Не сказать, чтобы Грейс всегда мечтала преподавать, но после увольнения Френсиса место освободилось, но никто не задерживался там дольше полугода. Кому-то надоедало, кто-то находил работу в Лондоне, а один преподаватель, специально переехавший в Ластвилль ради этой должности, и вовсе вскоре умер. Через несколько лет пригласили Грейс. Она согласилась и только через год поняла, что вообще-то могла оказать Жаклин. Грейс успела немного прийти в себя, закончить третий год, даже выбрать магистратуру, потом и с успехом закончить и начать работать. Никто толком и не понял, почему ей так важно это направление. И только Осборн как-то вечером в шутку сказал: «Хочешь, наверное, сама понять, что ничего на самом деле никто, даже именитые философы, не знает?»

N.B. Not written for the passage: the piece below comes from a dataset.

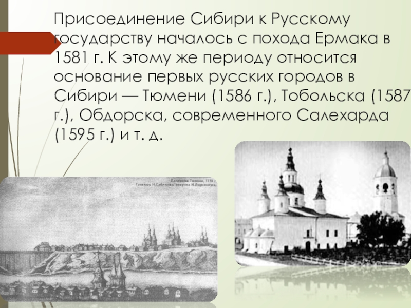 г. К этому же периоду относится основание первых русских городов в Сибири — Тюмени (1586 г.), Тобольска (1587 г.), Обдорска, современного Салехарда (1595 г.) и т. д.

Он был прав, как и всегда, когда совсем не подозревал.
Казалось, студенты любят Грейс. Ее лекции почти не пропускали, пусть сначала читала она их вяло, словно кто-то заставлял. Но время шло, Грейс приноровилась вставлять шутки в презентации, представляла философов как людей сомневающихся, а не знающих, и философия в Ластвилльском университете сделала новый вдох. Но Грейс сомневалась, на самом ли деле студенты довольны. Она во всем сомневалась.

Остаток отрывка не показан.